But on a day when Syrian army tanks were supposed to pull back from Syrian cities, opposition groups said there were fresh attacks Tuesday in the central city of Homs and several other cities.

Annan, the former U.N. secretary-general, said the Syrian military has withdrawn from some places, but was also moving into areas that were not previously targeted. Still, he says there is time for his plan to work.

"I believe it is a bit too early to say that the plan has failed," Annan said. "The plan is still on the table, and it is a plan we are all fighting to implement."

Annan Visits Refugee Camp

Annan, who is a joint U.N. and Arab League envoy, visited Syrian refugees in Turkey on Tuesday and said he heard heart-wrenching stories about women and children uprooted from their homes and fired upon as they fled. He said he's working on getting international monitors on the ground and is calling for an end to the bloodshed before Syria "plunges into the abyss."

"There should be no preconditions for stopping the violence," he said. "That's something we need to do for the people and for the country concerned."

Syria wanted guarantees that opposition forces would abide by the Annan plan, a move the U.S. government described as a stalling tactic.

At the United Nations, U.S. Ambassador Susan Rice said there will soon be a moment of truth when countries will have to think about stepping up the pressure on Syrian President Bashar Assad.

"It is outrageous, but by no means unexpected or surprising, that the government has yet again made commitments and broken them," she said.

Syrian Envoy Seeks Support In Russia

Russia's position will be key. In Moscow on Tuesday, Russian Foreign Minister Sergei Lavrov was nudging his Syrian counterpart to implement the Annan plan.

According to Lavrov, the Syrians should be more decisive in implementing the plan.

Some analysts said it appeared the Russians, who have long supported the Syrian government, were sounding increasingly frustrated with Damascus.

"It looks like the Syrian government is thumbing its nose at the Russians just like it is the rest of the world," said Anne-Marie Slaughter, who was the State Department's policy planning director before returning to Princeton University last year to teach international relations.
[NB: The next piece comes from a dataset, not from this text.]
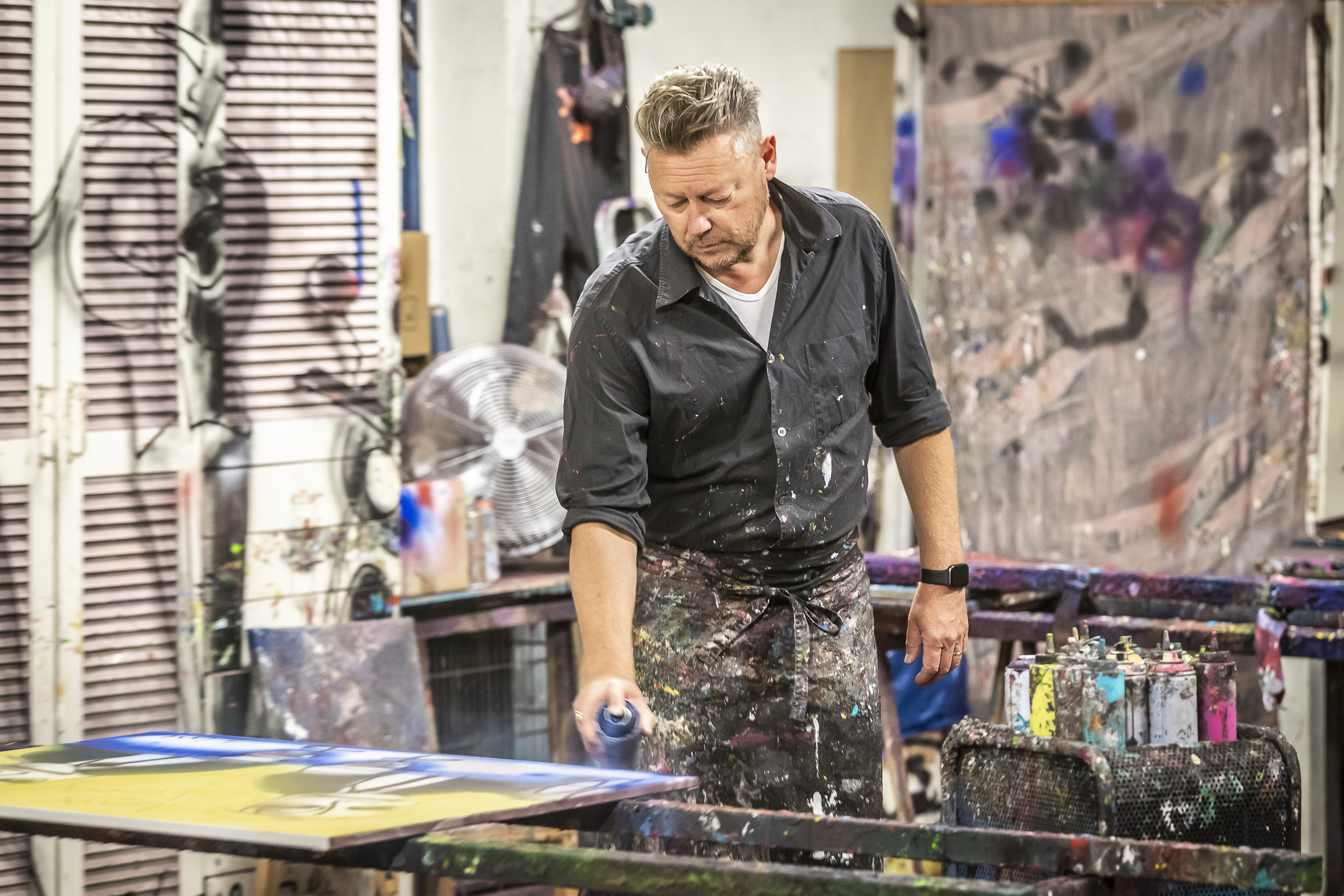 In de werkplaats van de Roosendaalse kunstenaar Geoffrey Wijn (53) staan zo’n 500 schilderijen maar vind je ook meubels, jassen, schoenen en een scooter die tot kunstobject zijn gemaakt. Het meeste plezier haalt Wijn uit zijn live art. ‘Daar heb ik een hele show omheen gebouwd. Je hebt alleen maar dít moment en dat maak ik zo leuk mogelijk.’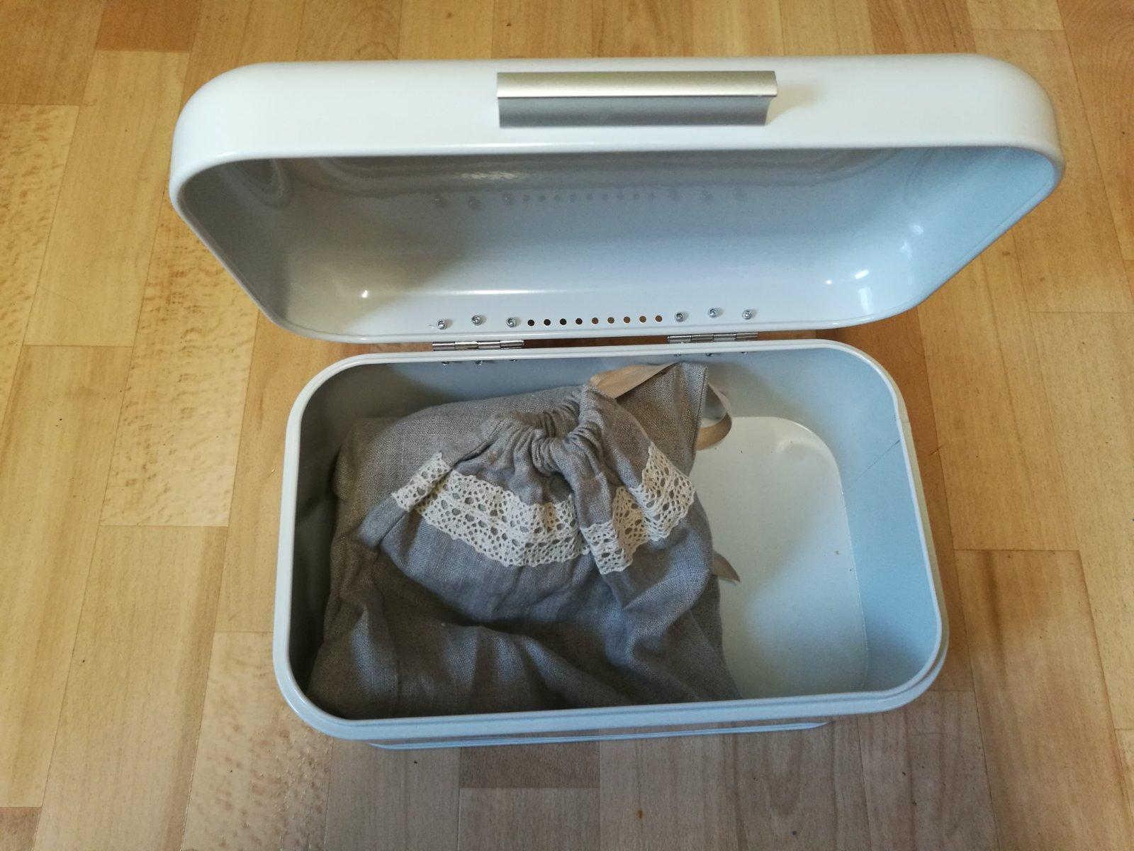 A v chlebníku namiesto igelitových sáčkov ľan 😉 a ak chodíte kupovať pečivo môžete si ho zobrať zo sebou a nakúpiť rovno do tohto prateľného vrecka ❤

She thinks the best option now is something that's been under discussion for months — setting up safe zones for Syrian civilians.

"This has been a game of 'After you,' 'No, after you,' where the Turks have said they couldn't move without the U.N., the U.N. couldn't go without Russia, the U.S. wasn't going to move unless the Turks and the Arabs moved," she said. "So everybody has pointed to everybody else."

Slaughter is hopeful that is changing as everyone sees the Annan peace plan falter.

"We have to recognize that unless we put together a coalition that is willing at least to create a safe zone, we are looking at a civil war that is going to spill over borders," she said. "It's going to result in increasing sectarianism and fragmentation in Syria, increasing instability in the region, harm to our interests, and ultimately exactly the kind of situation we most want to prevent right in the heart of the most sensitive region in the world."

Just this week, Syrian troops fired into a refugee camp inside Turkey, and the violence also spilled over into Lebanon.